Further work will be needed to predict core behaviour in the presence of damaged core components – although the CNSC acknowledges that the definition of core damage as set out in current regulations, which were drawn up based on operating experience from water-cooled reactors, may not be applicable to the IMSR design.
Terrestrial Energy will also be required to complete further safety analysis work relating to core damage, and to provide further information on how it will validate predictions of performance as the reactor ages.
In the second phase of the review, Terrestrial Energy will also be required to demonstrate that human factors in design have been appropriately addressed in its operability and maintainability programs, which are currently under development.
The IMSR® is a liquid-fuel reactor system, rather than a solid-fuel system, as is used exclusively in conventional reactors. The IMSR® dissipates heat using a molten salt. Salts are thermally stable and excellent heat-transfer fluids, ideal for dissipating heat from the fission process simply and safely. In a molten salt reactor (MSR), salt provides a fluid medium to carry a nuclear fuel—in the case of the IMSR®, a low-enriched-uranium fluoride salt.
The IMSR® provides simple, safe, and natural mechanisms for heat dissipation. It is a far superior system for the simple passive dissipation of fission heat. The use of a molten salt is at the heart of many engineering and commercial virtues of the IMSR®.
An IMSR® power plant generates 400 MWth of thermal energy (190 MWe) with a thermal -spectrum, graphite-moderated, molten-fluoride-salt reactor system, fueled by low-enriched uranium (less than 5% 235U). It incorporates the approach to MSR design and operation researched, demonstrated and proven by the ARE and MSRE test reactors at Oak Ridge National Laboratory (ORNL); these were further developed under the DMSR program.

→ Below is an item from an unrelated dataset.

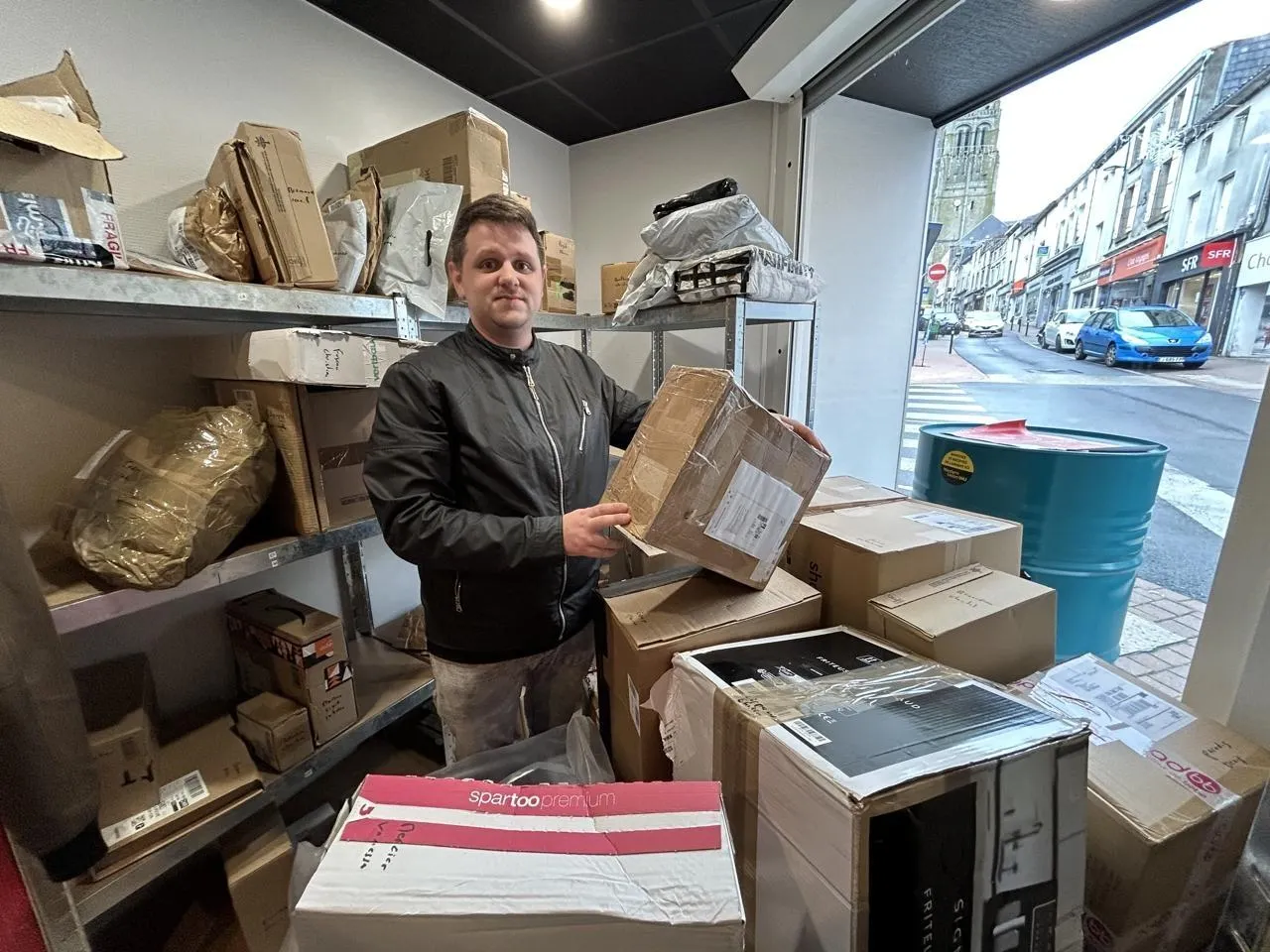 Jordan Giroire voit transiter près de 1500 colis par mois dans sa boutique de 20 m² du centre-ville de Bressuire (Deux-Sèvres). La gestion de l’espace, au quotidien, vire au casse-tête.

The IMSR® improves upon the earlier ORNL MSR designs through various innovations that are pragmatic and commercial. The key challenge to MSR commercialization is graphite’s limited lifetime in a reactor core, which is a function of reactor power. Commercial power reactors require high core energy densities to be economical, but high power densities significantly reduce the lifetime of the graphite moderator requiring its replacement; this is challenging to do simply, safely and economically in an industrial environment.

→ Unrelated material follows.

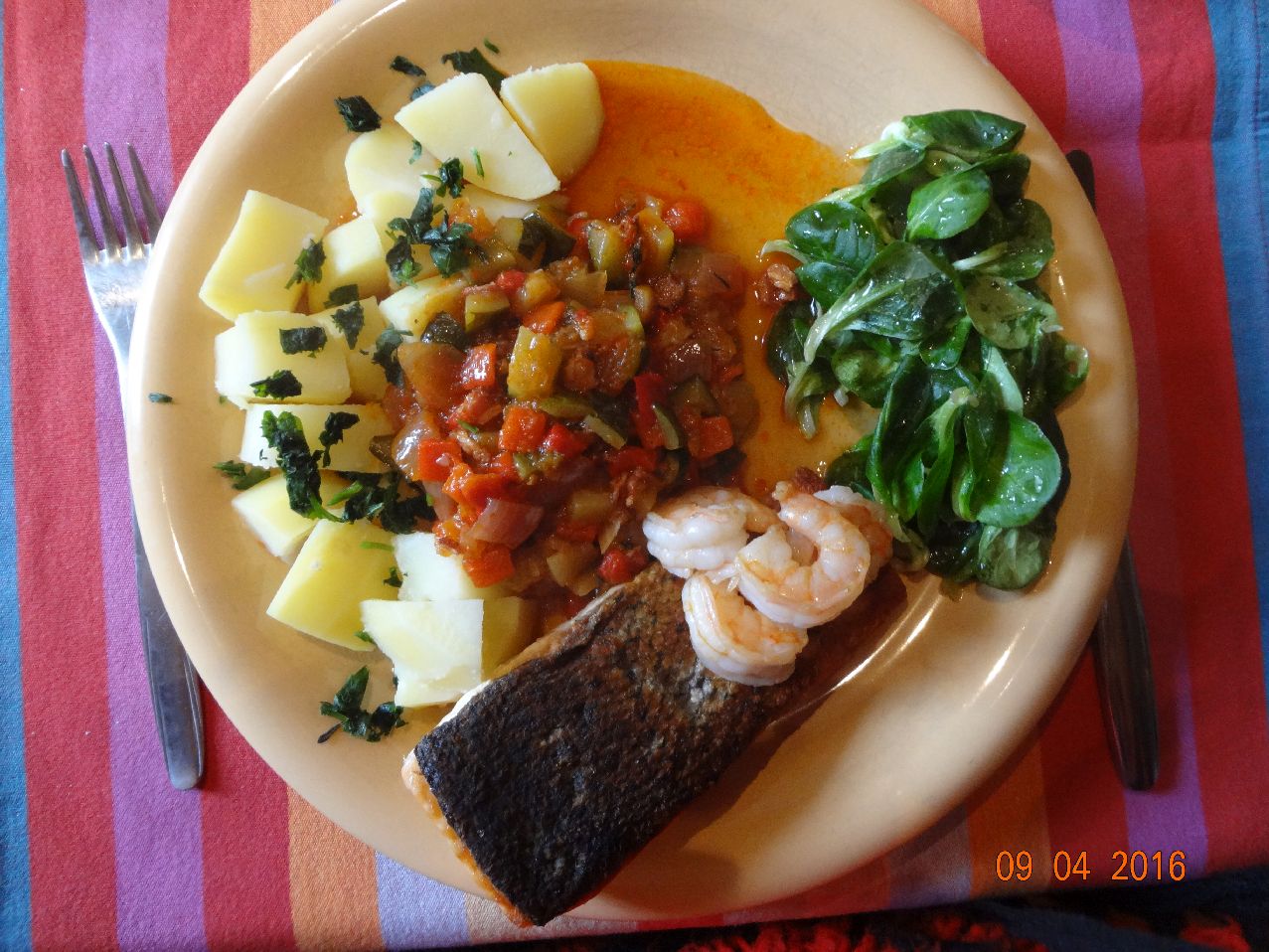 | | Gebratenes-Lachs-Filet mit Garnelen, Ratatouille, Pet.-Kart., Feldsalat |

The key IMSR® innovation is an elegant solution to this challenge – the integration of the primary reactor components, including the graphite moderator, into a sealed and replaceable reactor core, the IMSR® Core-unit, which has an operating lifetime of 7 years. The IMSR® Core-unit is simple and safe to replace, it supports high utility factors for IMSR® power plants and high capital efficiency. It also ensures that the materials’ lifetime requirements of all other reactor core components are met; the challenge of achieving these requirements is often cited as an impediment to immediate commercialization of MSRs. The result is a power plant that delivers the combination of high energy output, simplicity and ease of operation, and cost-competitiveness essential for widespread commercial deployment. IMSR® power plants are a new clean energy alternative.